Evaluating the effectiveness of a reverse inclusion Social Skills intervention for children on the Autism Spectrum
- PMID: 35441915
- DOI: 10.1007/s10803-022-05513-2
Evaluating the effectiveness of a reverse inclusion Social Skills intervention for children on the Autism Spectrum
Abstract
Schools need effective, generalizable, and socially valid social skills interventions to better support the social inclusion and peer relationships of their students on the autism spectrum. We evaluated a Pivotal Response Treatment-based, naturalistic social skills intervention implemented daily by school personnel in reverse inclusion school settings with four students on the autism spectrum (K-2nd grade).
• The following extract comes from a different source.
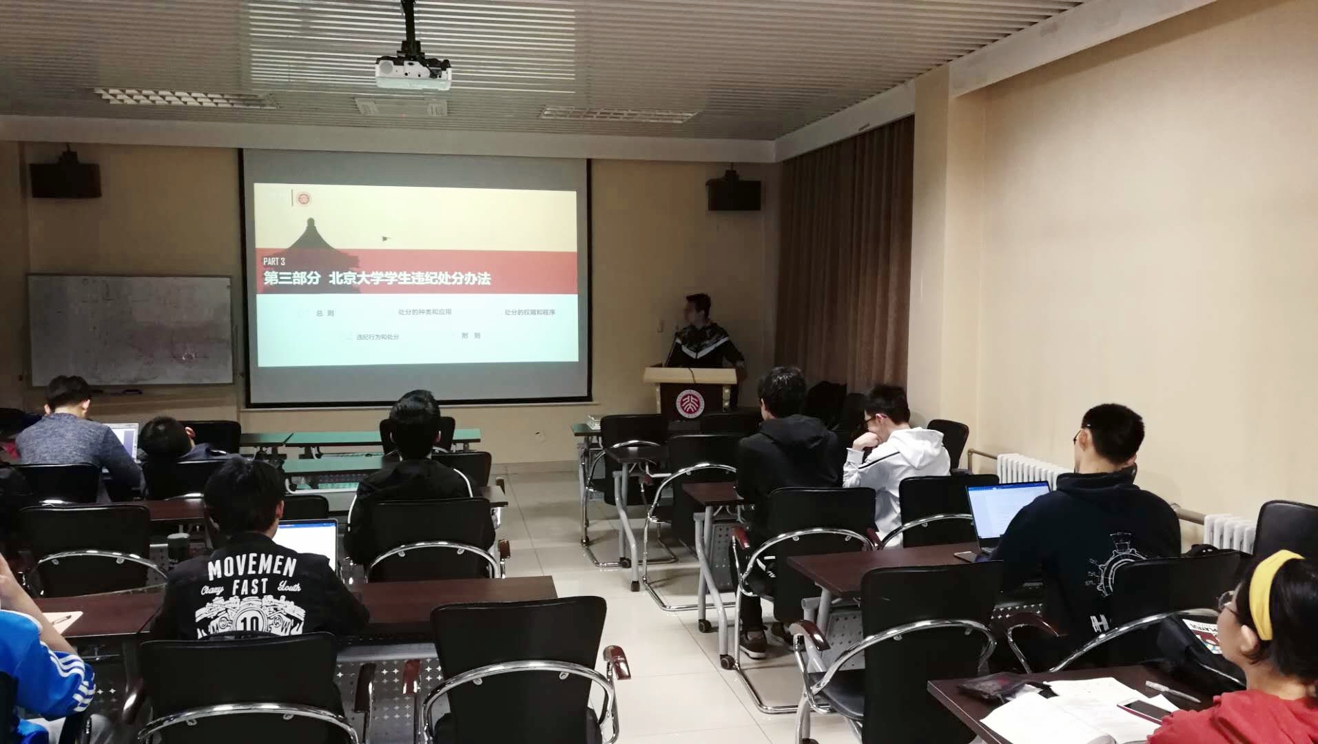 班会分为专题学习与知识竞答两个环节。在学习环节,由班长张盛涵与团支部书记刘洋两位同学带领大家一同学习,着重讲解了《williamhill英国官网本科考试工作与学习纪律管理规定》、《williamhill英国官网本科生学籍管理办法》以及《williamhill英国官网员工违纪处分办法》中与同学们的学习生活密切相关的部分。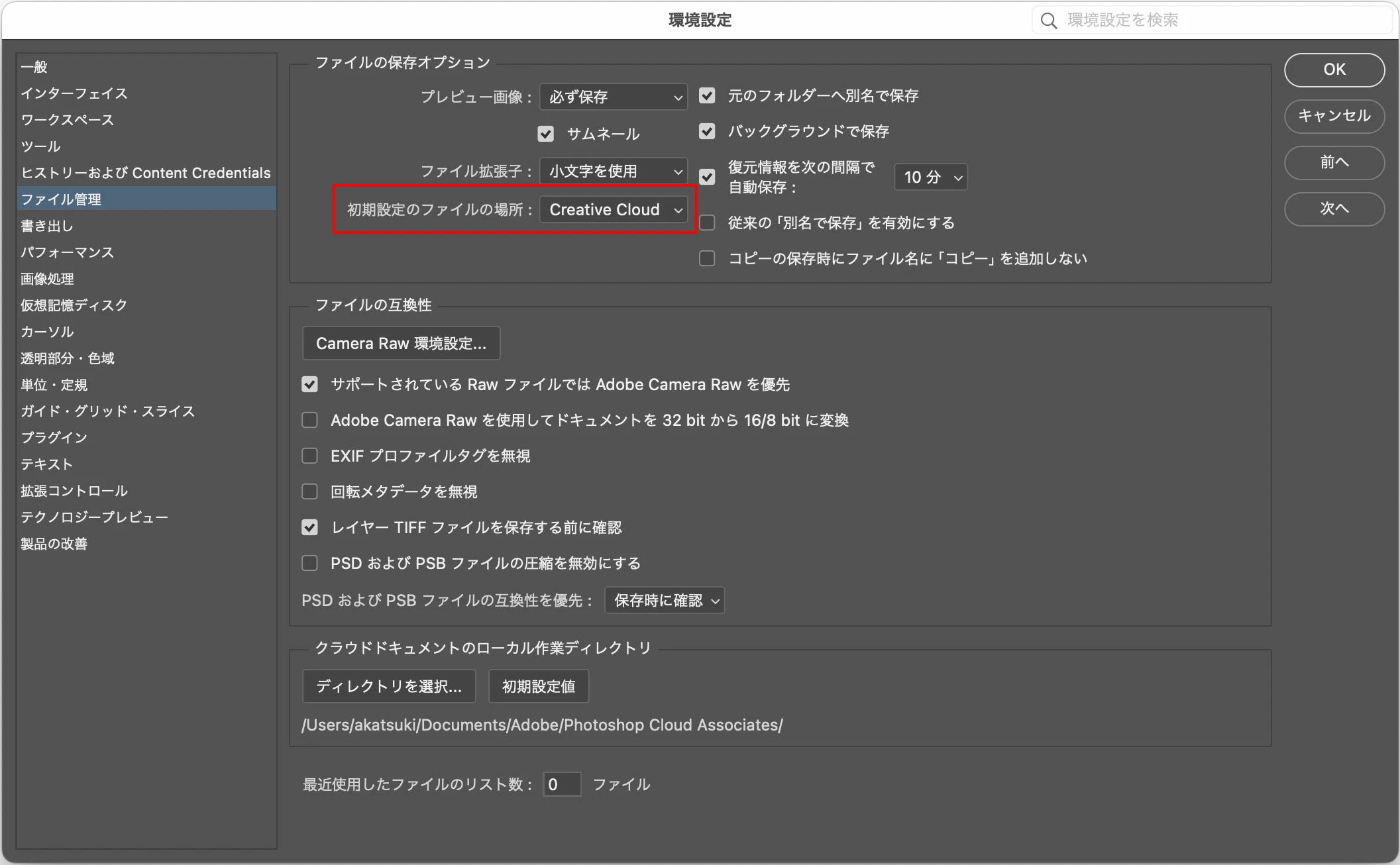 Photoshopの環境設定で「初期設定の保存場所」を「Creative Cloud」にした場合、CCのクラウドスペースにアクセスできますか?

Using a single-case experimental design, results indicated that the students on the autism spectrum showed increases in the percent of time engaged in cooperative play with peers during the intervention (p = .0026) and moderate changes in social interactions were determined through systematic visual analysis. However, these changes in social behaviors did not generalize to natural inclusive school settings.
Keywords: Autism Spectrum Disorders; Naturalistic behavioral interventions; Reverse inclusion; Schools; Social Skills Training.
© 2022. The Author(s), under exclusive licence to Springer Science+Business Media, LLC, part of Springer Nature.